The script lives here in this GitHub repo, with the newest version I modified called “generateIndex_user_input.py”.
To be specific, rather than an identity matrix, it’s actually a distance matrix (how many positions within the 10 nucleotides are NOT identical), with the white diagonal in the above plot essentially a positive control since that’s showing that in the pairwise comparisons, the same sequence when compared to it self shows 0 nucleotides of difference. Notably, there are no other purely white blocks in that matrix, partially b/c 1) the chance that two randomly generated sequences are identical is ~ 1/(4^10), which is a very small number, and 2) Anh’s script is likely working, and keeping the number of identical matches between any newly generated indices and existing indices to a minimum. Actually, it looks like most differ by 7 or 8 nucleotides, and only a tiny fraction only differ by 3 nucleotides or so (and thus match at 7 positions). If those are the combinations with the highest similarity, it really isn’t bad at all.

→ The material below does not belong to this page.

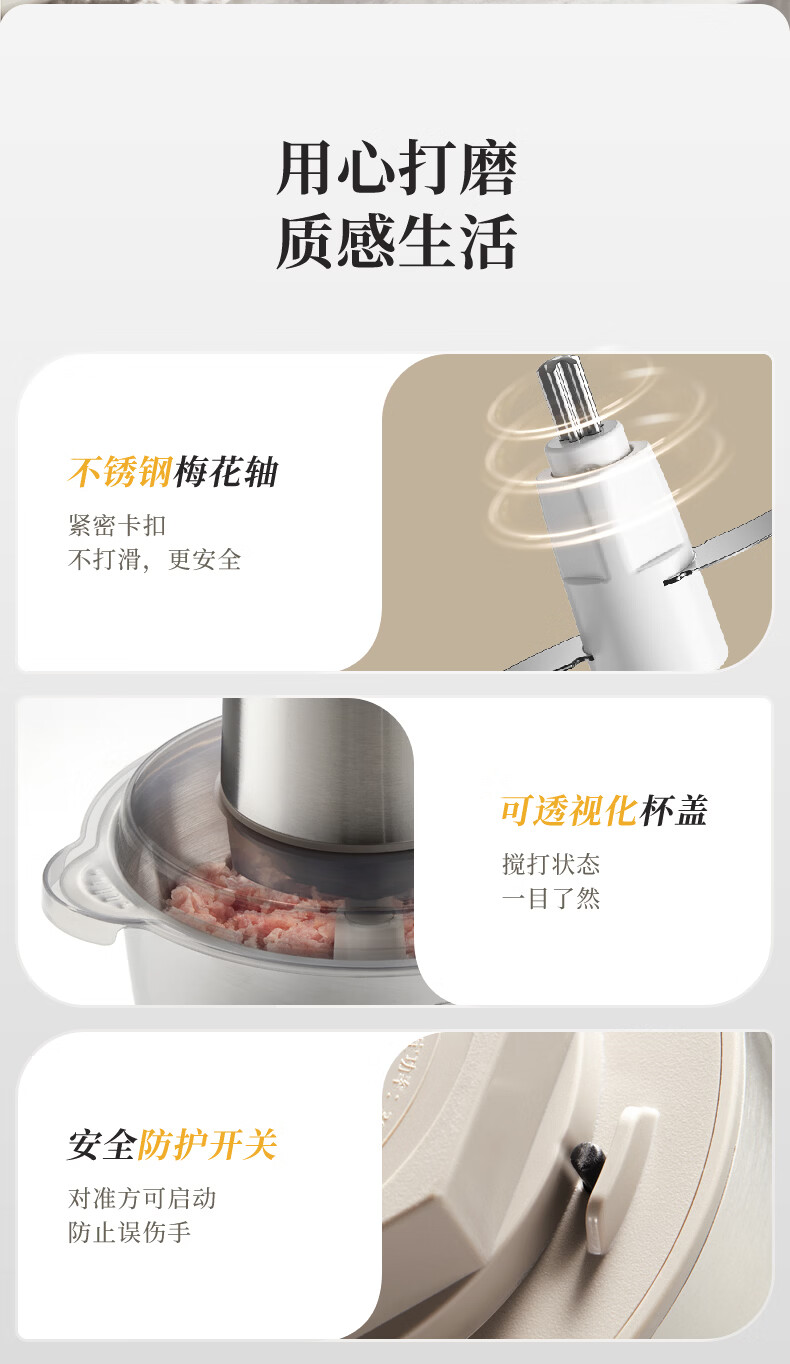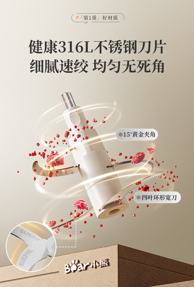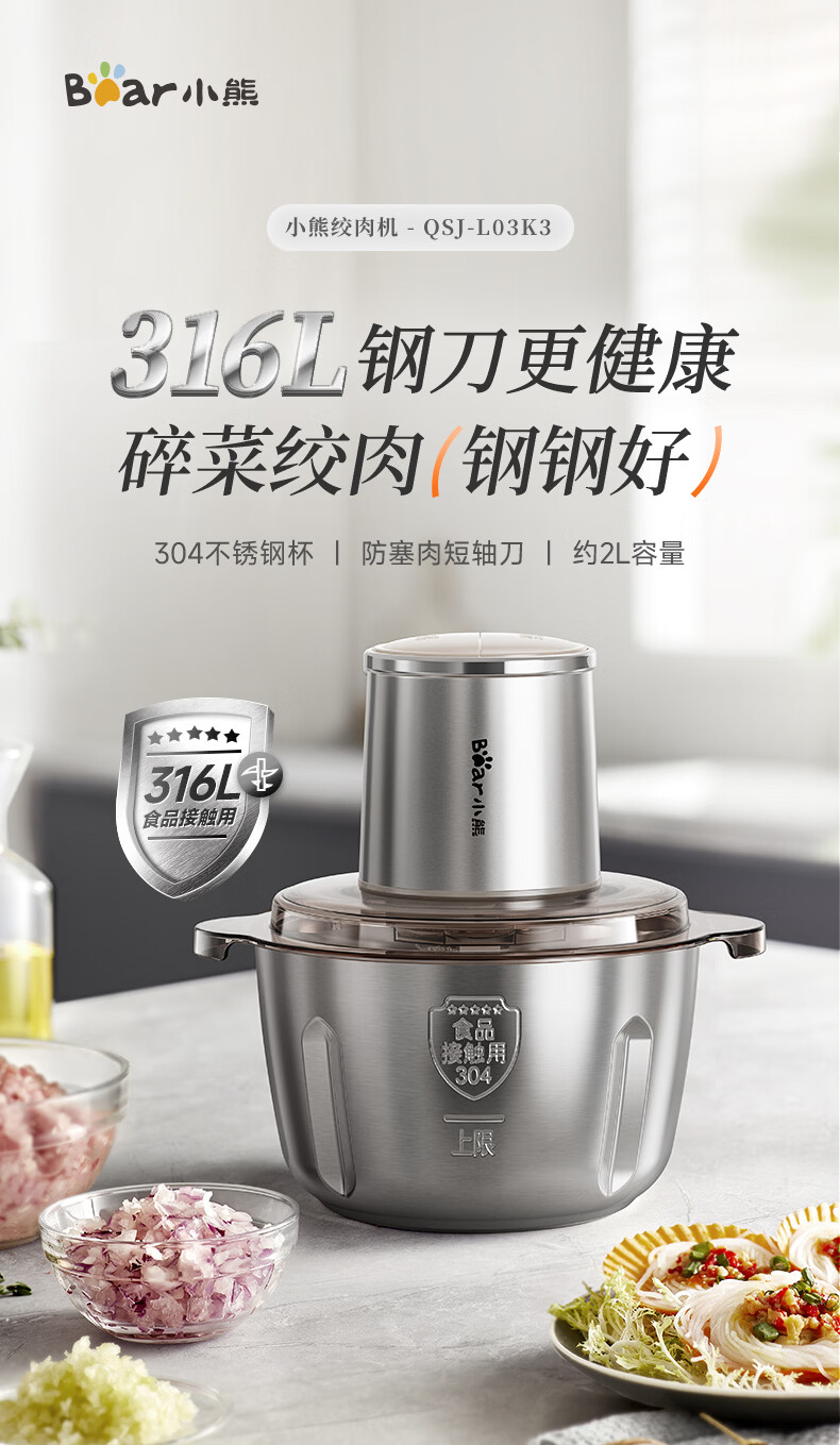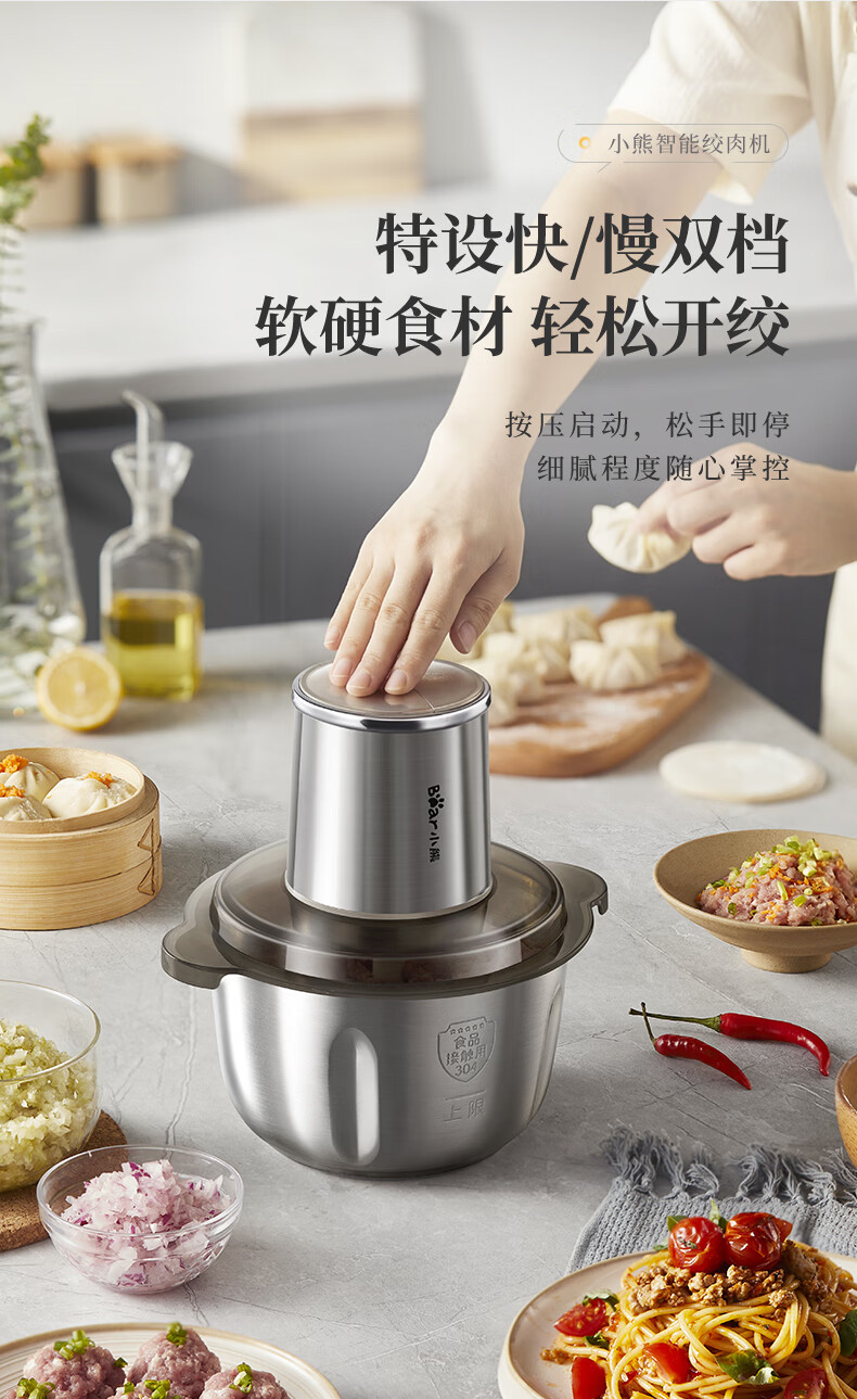 小熊(Bear)绞肉机家用不锈钢 绞馅碎肉机 家庭绞肉绞菜多功能一体机 家用自动打肉 2025新款双刀QSJ-L03K3

So ya, I think we’re doing a decent job of managing our indices to make sure they are not overlapping!
So I had collected this data over 10 months ago, when I made an initial foray into trying the fluorogen activating peptides dL5 in the presence of Malachite Green, a dirt cheap small molecule (You can use it to try to kill fungus eating at your fish in your aquarium). A recent email reminded me about fluorogen activating peptides again, so I went back and looked at this data again, and it really isn’t bad.
In summary. 1) Works well, giving ~ 100-fold increase to fluorescence from background when highly expressed. 2) Probably want to do at least 500 ng/mL or perhaps even 1ug/mL to improve signal over background. 3) Still get specific signal after washout, but you may as well leave it on and get max signal.